» **Exercise requirements**
Under this line is a listing; return exactly the lines starting at the one with "LA PUERTA DE" and running down to the one with "기아 셀토스가 4,390mm 로 3위", and leave out its pictures.

» **Data for analysis**
******

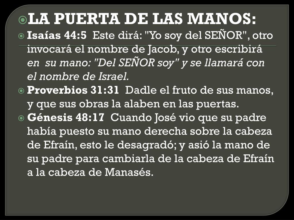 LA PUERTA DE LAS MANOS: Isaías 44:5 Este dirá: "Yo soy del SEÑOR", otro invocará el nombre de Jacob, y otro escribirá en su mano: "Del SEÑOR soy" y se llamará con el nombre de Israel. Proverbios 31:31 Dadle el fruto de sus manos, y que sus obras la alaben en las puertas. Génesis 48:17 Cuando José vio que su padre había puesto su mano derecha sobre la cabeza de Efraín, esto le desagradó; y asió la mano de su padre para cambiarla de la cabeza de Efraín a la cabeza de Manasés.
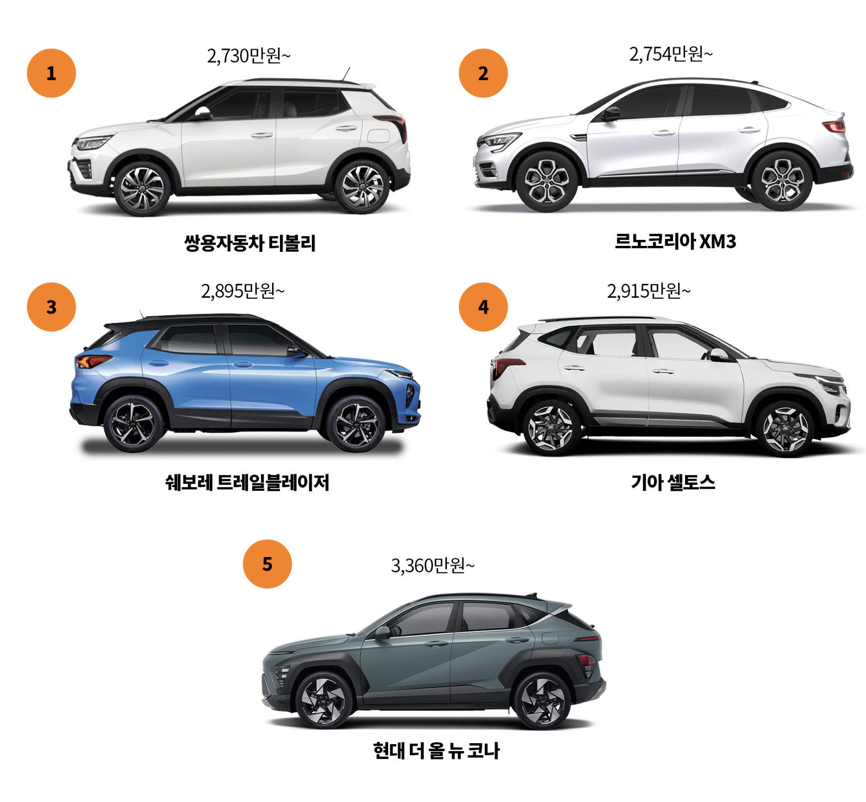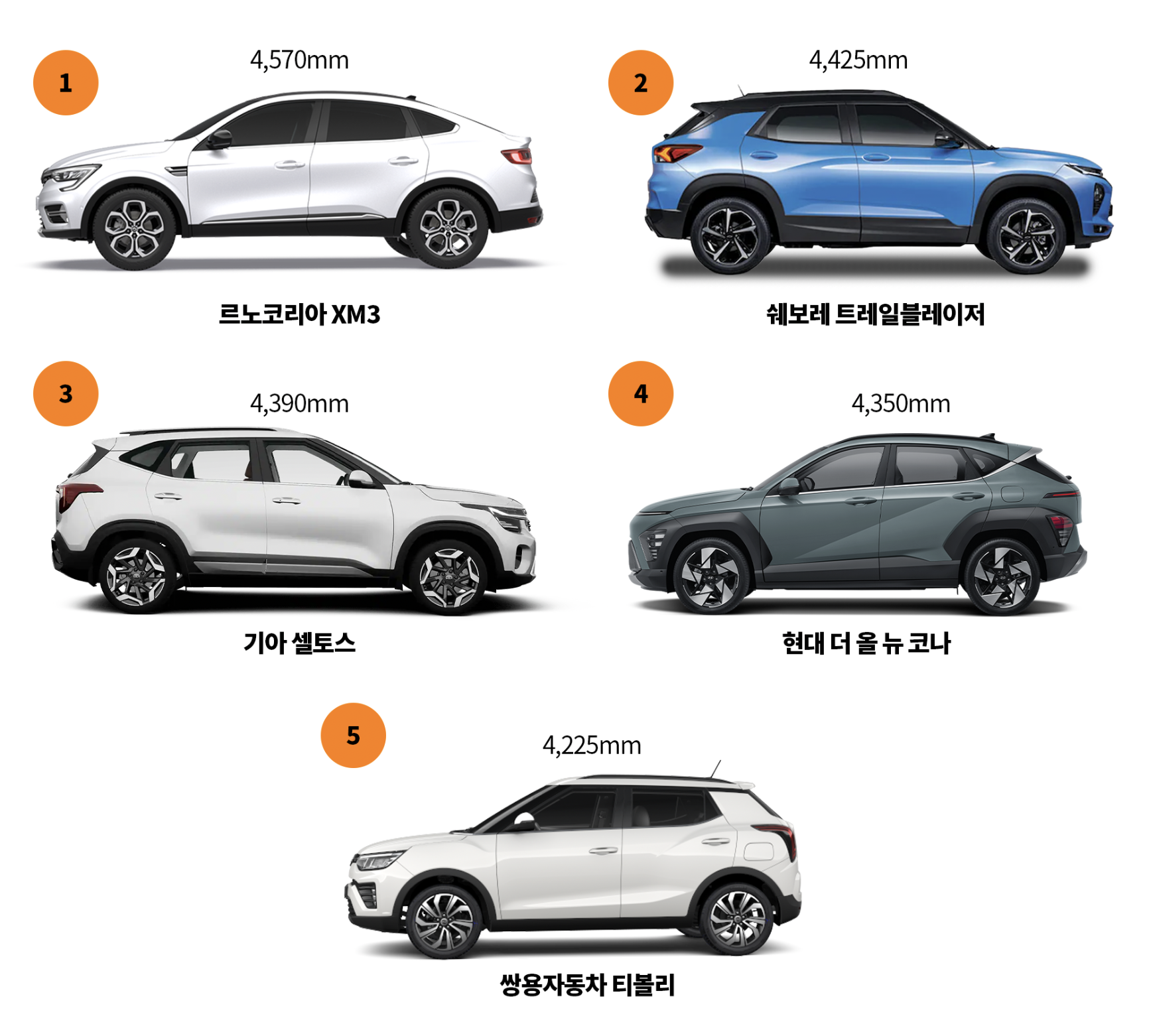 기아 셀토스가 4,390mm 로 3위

******

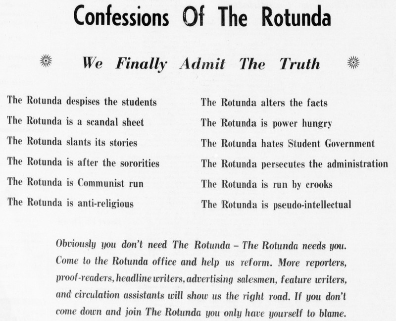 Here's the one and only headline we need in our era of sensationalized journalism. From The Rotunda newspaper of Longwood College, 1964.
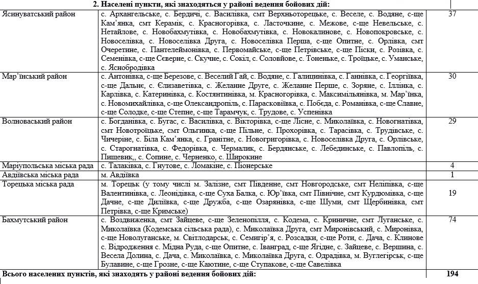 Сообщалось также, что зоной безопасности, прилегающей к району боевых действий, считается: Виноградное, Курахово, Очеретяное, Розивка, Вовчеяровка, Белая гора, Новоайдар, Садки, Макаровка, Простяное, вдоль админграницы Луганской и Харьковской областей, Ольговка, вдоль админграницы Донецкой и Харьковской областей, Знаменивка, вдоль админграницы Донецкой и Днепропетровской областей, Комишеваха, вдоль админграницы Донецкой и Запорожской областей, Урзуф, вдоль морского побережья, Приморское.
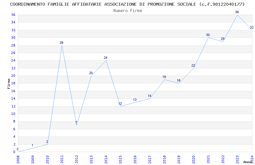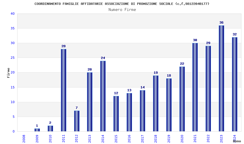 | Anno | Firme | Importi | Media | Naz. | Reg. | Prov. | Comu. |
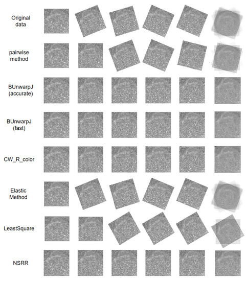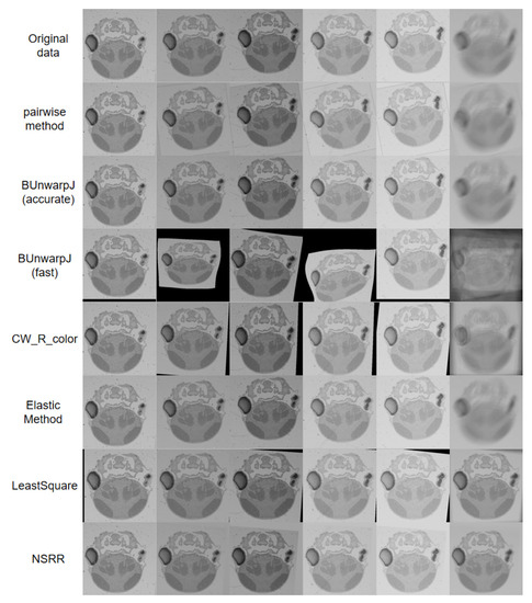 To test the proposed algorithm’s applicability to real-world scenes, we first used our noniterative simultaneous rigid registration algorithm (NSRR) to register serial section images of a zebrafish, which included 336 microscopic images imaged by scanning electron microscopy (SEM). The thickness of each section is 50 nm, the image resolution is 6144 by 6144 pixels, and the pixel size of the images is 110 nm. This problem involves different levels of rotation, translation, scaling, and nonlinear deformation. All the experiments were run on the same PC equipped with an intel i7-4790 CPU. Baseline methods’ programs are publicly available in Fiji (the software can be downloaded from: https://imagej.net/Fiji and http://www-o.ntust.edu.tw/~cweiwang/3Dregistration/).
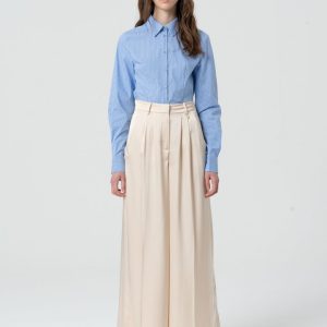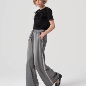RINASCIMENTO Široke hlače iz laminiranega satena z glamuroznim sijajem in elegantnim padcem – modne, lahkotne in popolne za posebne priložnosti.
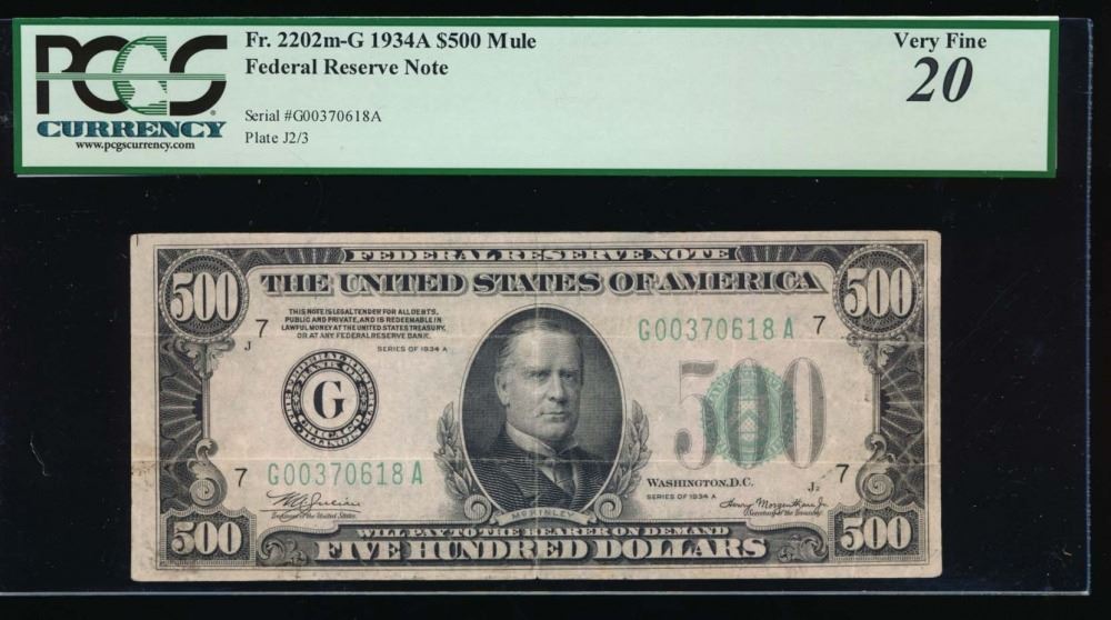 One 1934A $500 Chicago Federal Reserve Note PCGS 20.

******

» **Answer to this exercise**
 LA PUERTA DE LAS MANOS: Isaías 44:5 Este dirá: "Yo soy del SEÑOR", otro invocará el nombre de Jacob, y otro escribirá en su mano: "Del SEÑOR soy" y se llamará con el nombre de Israel. Proverbios 31:31 Dadle el fruto de sus manos, y que sus obras la alaben en las puertas. Génesis 48:17 Cuando José vio que su padre había puesto su mano derecha sobre la cabeza de Efraín, esto le desagradó; y asió la mano de su padre para cambiarla de la cabeza de Efraín a la cabeza de Manasés.
 기아 셀토스가 4,390mm 로 3위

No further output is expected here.